陳寶兒氣鼓鼓的,就連腮幫子都鼓了起來,一副委屈到了極緻的樣子。
看向秦禦凱的眼神裡,都是帶滿了警惕。
周圍的氣場一下子驟然之間冷下,仿佛帶動着周邊的氣溫全部降低,冷氣壓的層層襲來,更是讓寶兒控制不住的打了一個冷顫。
而這些強大的氣壓全部都來自于面前的男人。
秦禦凱面色陰沉,就連一向冷漠的眸子裡,都染上了不少的冷意。
他一個起身,就将寶兒放在了書桌上,雙手壓着她的兩隻手腕,将她壓在了桌子上,保持着躺着的姿勢。
而他則是站在面前,輕微的俯下了身子,臉上的陰沉和不悅藏都藏不住。
話語之中的冷冽刺骨,更是讓人覺得渾身發抖:“陳寶兒,你是第一個敢動手打我的女人。
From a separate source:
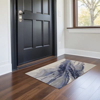 Home Outfitters 2' X 3' Gray Blue and Ivory Abstract Power Loom Area Rug
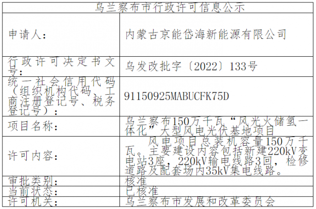 內(nèi)蒙古日?qǐng)?bào)發(fā)布文章稱(chēng),烏蘭察布岱海發(fā)電150萬(wàn)千瓦風(fēng)光火儲(chǔ)氫一體項(xiàng)目已列入國(guó)家第二批風(fēng)光大基地建設(shè)名單。該項(xiàng)目建設(shè)符合國(guó)家多能互補(bǔ)發(fā)展新能源政策,有助于“碳達(dá)峰、碳中和”目標(biāo)的實(shí)現(xiàn),能夠充分利用同一外送區(qū)域既有煤電的深度調(diào)峰能力,實(shí)現(xiàn)風(fēng)光火儲(chǔ)、多能互補(bǔ),提高“岱?!f(wàn)全”外送輸電通道的可再生能源占比,緩解京津冀地區(qū)日益增長(zhǎng)的清潔能源電能需求,提高清潔能源的利用效率,為煤電與風(fēng)電、光伏、制氫綜合應(yīng)用提供創(chuàng)新示范,具有重大的應(yīng)用意義。

”
陳寶兒被壓制在書桌之上,完全動彈不得,她縮了縮脖子,有些害怕的開口:“你想做什麼?明明就是你的錯,我這是,這是自衛!”
秦禦凱聽到她的話,臉上更是閃過不少的怒意:“你覺得,你這樣作死的行為,會給你帶來什麼代價?”
她可憐兮兮的看着面前的男人,此時的她,就像是一個被人摁在菜闆上的兔子,等着被活活剝皮一般:“你你你,想做什麼?”
他一拳頭打了下來,帶動着一道強大的勁風,寶兒吓得立即閉上了眼睛。
原本以為這一拳頭,會打在她的臉上,卻不曾想,半天,這個拳頭都沒打在她的身上,反而是落在了她耳邊的書桌上。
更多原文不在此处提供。